The Apple versus Microsoft computer decision for regular people buying
computers is more about the price of the computer than the operation system.
If you ever go and work on the other side of the "computer store" you should
see that most of the customers do come to buy a computer and not an operation
system and often they do not even understand how powerful computer they need.

Of course there are those who have heard that Apple computers are good and buy
Apple because of that, but those who do not have money for Apple computers do
buy Microsoft computers because they do not have other choice at least here in
Finland as we do not have any Linux or BSD computers on sale and probably
never have had one on a regular home electronics store at least I have not
seen.

It is also such a fiasco trying to sell Windows 8 computers when the customers
who do not have money for Apple computers do not want Windows 8 because of the
bad rumors which have gone really far and even beyond. They only decide to buy
these Windows 8 computers because we do not have any Windows 7 computers on
sale anymore and they are not ready to buy another operation system because
they know someone on their family will pirate Windows 7. Those who do not know
how to replace Windows 8 are stuck with it.

So where does a regular customer have the option to decide the operation
system for the hardware they want in the store? There is only Microsoft until
customer has enough cash to pay for Apple.

Oh boy I forgot about Chrome OS. It's cheap and people buy it because of the
cheap price, but the return amount has been pretty damn high, because Chrome
OS just can not do what those little more advanced computer users want like
native gaming. Even the regular people want to install some game like diablo 2
on their system.

Of course in enterprise the decision is done, because these IT persons do know
the options exists, but regular customers usually do not.

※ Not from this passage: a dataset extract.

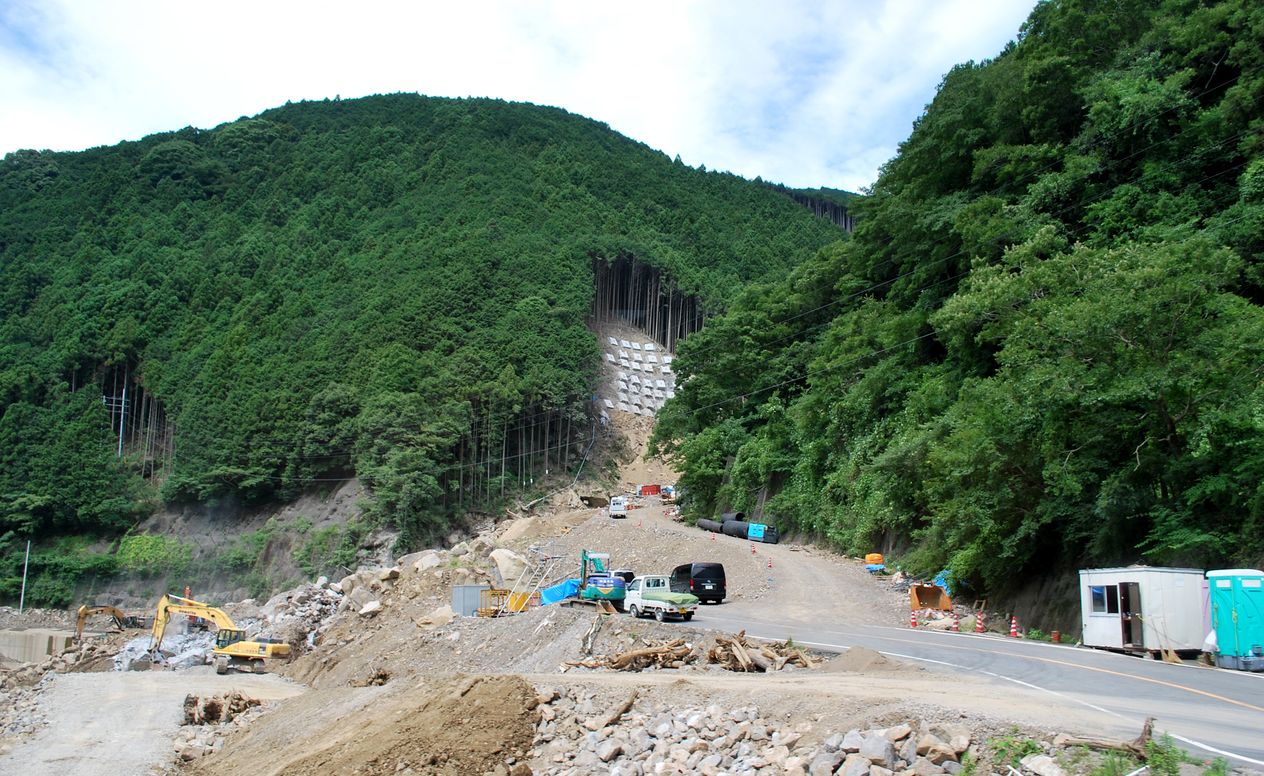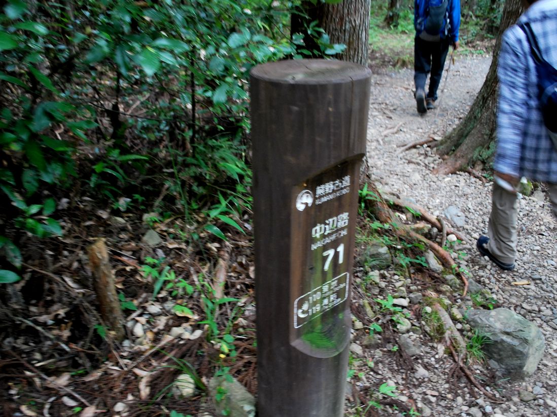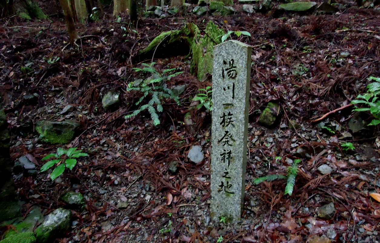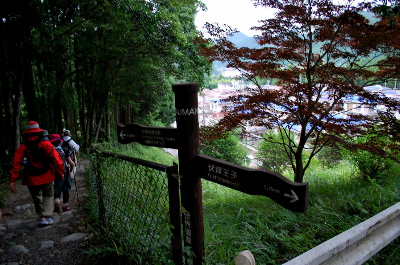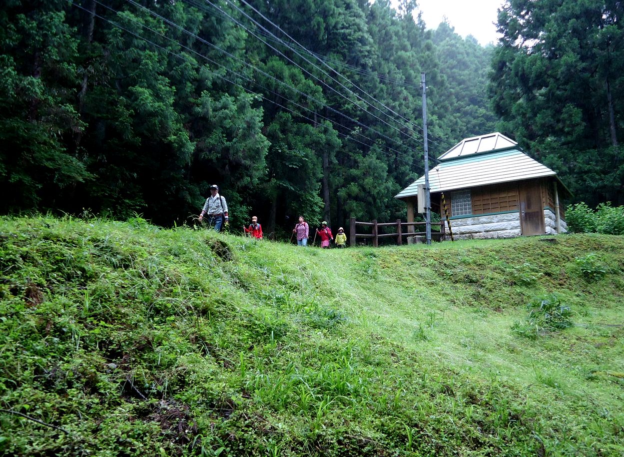 | [第4回 熊野古道・歩きの旅] 2013年6月12日 前夜まで、これほど天気予報が気になったことは、久しぶりのことでした。台風が北上し、11日の朝の時点では、紀伊半島を直撃する勢いとの報道がなされていたのです。でも、午後からの予報は、台風の進路が東にずれた為、直撃は免れ、大坂から和歌山県は昼から晴れ、東からの風のため、紀伊半島の東部分は強い雨が予想されると変化して来ていました。丁度この日、息子夫婦とマゴッチの梨央ちゃんは「ながしまスパーランド」へ前夜から行っており、そちらの方は逆に心配が出てきていました。 [第4回]は全5回のこの「歩き旅」の内で、最もタフと聞いているコースです。 小広王子(コビロオウジ)(スタート)・・・◎蛇形地蔵(ジャガタジゾウ)・・・◎湯川王子(ユカワオウジ)・・・◎猪鼻王子(イノハナオウジ)・・・◎発心門王子(ホッシンモンオウジ)(ゴール) 6月 難易度 ハイキング中級(トレッキング初級)(約11km 標高差 約350m) (一部、迂回路となるため「岩上王子」へは行けません。) それでも、雨具の用意は万全にして、朝 5時10分、家を出て松井山手駅へ向います。「大坂梅田芸術劇場」前の7時の集合時間15分前には到着していました。 7時10分に茶屋町駐車場を出発、難波で難波から乗車の方々を乗せ、35分には出発できました。この日、大坂は朝から快晴。空気が澄んでいるため、写真撮影にはもってこいです。高速道路から 「通天閣」を(7時42分)。 8時24分 「関空 連絡橋」を。 神戸の山々もくっきりと写っています。 「紀ノ川SA]の花壇の花々は最近の日照りの為か、見る影もありません。紀ノ川方面のワイド撮影をしています。 その快晴も、「湯浅御坊道路」、「阪和自動車道」を過ぎる頃怪しくなってきました。田辺市の上富田町に入ると上空は厚い雲に蔽われています。10時50分、「古道歩きの里 ちかつゆ」に着くと、霧雨が降り出していました。ここで、昼食のお弁当。 地図で今日の行程をチェックします(今日は標識40番から61番までの行程です。)。 バスで前回の最終地点「小広王子」へ向いました。 「小広王子」は、強くはありませんが、風交じりの雨降り。各々、雨具の着用となりました。 11時50分、古道の細い道に入ります。 グループの後続の方々は、未だバス道路を歩いています。 11時57分、標識 41番。今日は 61番までということを、語り部の松本さんから知らされます。ここから、10キロの道のりです。 雨の中を歩きます。 12時丁度、ここにも「お地蔵さん」が祀られています。 小広王子から600m歩いてきました。ここからは「熊瀬川王子」へ向います。 12時05分、「熊瀬川王子」に着きました。 「熊瀬川王子の解説板」。 12時12分、「一里塚跡」。 その解説板。 12時18分、標識 42番に。 12時24分、「草鞋峠」(592m)へ着くことが出来ました。小広王子からは一旦沢まで降り、それからの登りですから、標高差は不明ですが、時間は30分程度の登りであったと思われます。。 30秒後に、後続のお仲間が到着します。 草鞋峠からは、もちろん降り12時36分、標識 43番。 12時48分、一昨年の台風の為不通になっている「岩上王子」への道を避け、「迂回路」を紹介する地点に来ました。語り部さんによれば、復旧の目途は未だに立っていないとのこと。そして、迂回路は大変キツイ道のりであることを知らせてくれました。「蛇形地蔵」までは1時間30分の行程であることを記しています。 671mの「岩上峠」まではキツイ登りが予想されます。 しばらく、平坦な広い道を歩き、12時57分、迂回路に入ります。 沢を渡り、 花のトンネルを抜け、 13時丁度、いよいよ本番の登りに差し掛かります。先行グループが上方に小さく見えています。 13時33分、厳しい登りは続いています。 13時38分、標高を順調に稼いできていることを、周辺の山々が知らせてくれます。 登りの終点が近づいてきました。 13時44分、登りは続いていますが、杉木立の中に入ります。 14時16分、「蛇形地蔵」まで、1.2キロ地点まで。 14時18分、「岩上峠」(標高671m)に着き、各々が一息つく場面が現出しました。この間、標高で約200mの登り道でした。迂回路の表示からここまで、1時間30分かかっています。登りがきつくなると、お仲間の口数が少なくないり、前を歩く人の足元だけを見ながら登りに専念することになります。そんな1時間でした。キツカッタ!!! そして、14時33分、「蛇形地蔵」へ。迂回路表示からは1時間45分ほどかかったことになります。 「蛇形地蔵」をお祀りしてあります。 不鮮明ですが、お地蔵さんと背後の蛇形模様のある光背? 解説板です。 「蛇形地蔵」の朱印。 14時38分、平地に近い地形での川の流れが懐かしく感じられます。 雨はすっかり止み、木漏れ陽が苔と落ち葉、枯れ枝を照らしています。思わず、シャッターを押してしまいます。 14時42分、標識 51番です。ようやく今日の歩きの半分を消化しました。まだ、5キロ強の道のりです。 「湯川一族の墓地」を案内する掲示板がありま

I am saying that the decision for customer to select different operation
systems has been made for them for quite some time by the computer
manufacturers.

------
a3n
The experience with multiple accounts and having to cancel via support to
avoid a credit card charge also happened to me.

His list, especially the multiple accounts issue, makes Microsoft sound like a
government, in the worst way. It's a good thing they don't have weapons.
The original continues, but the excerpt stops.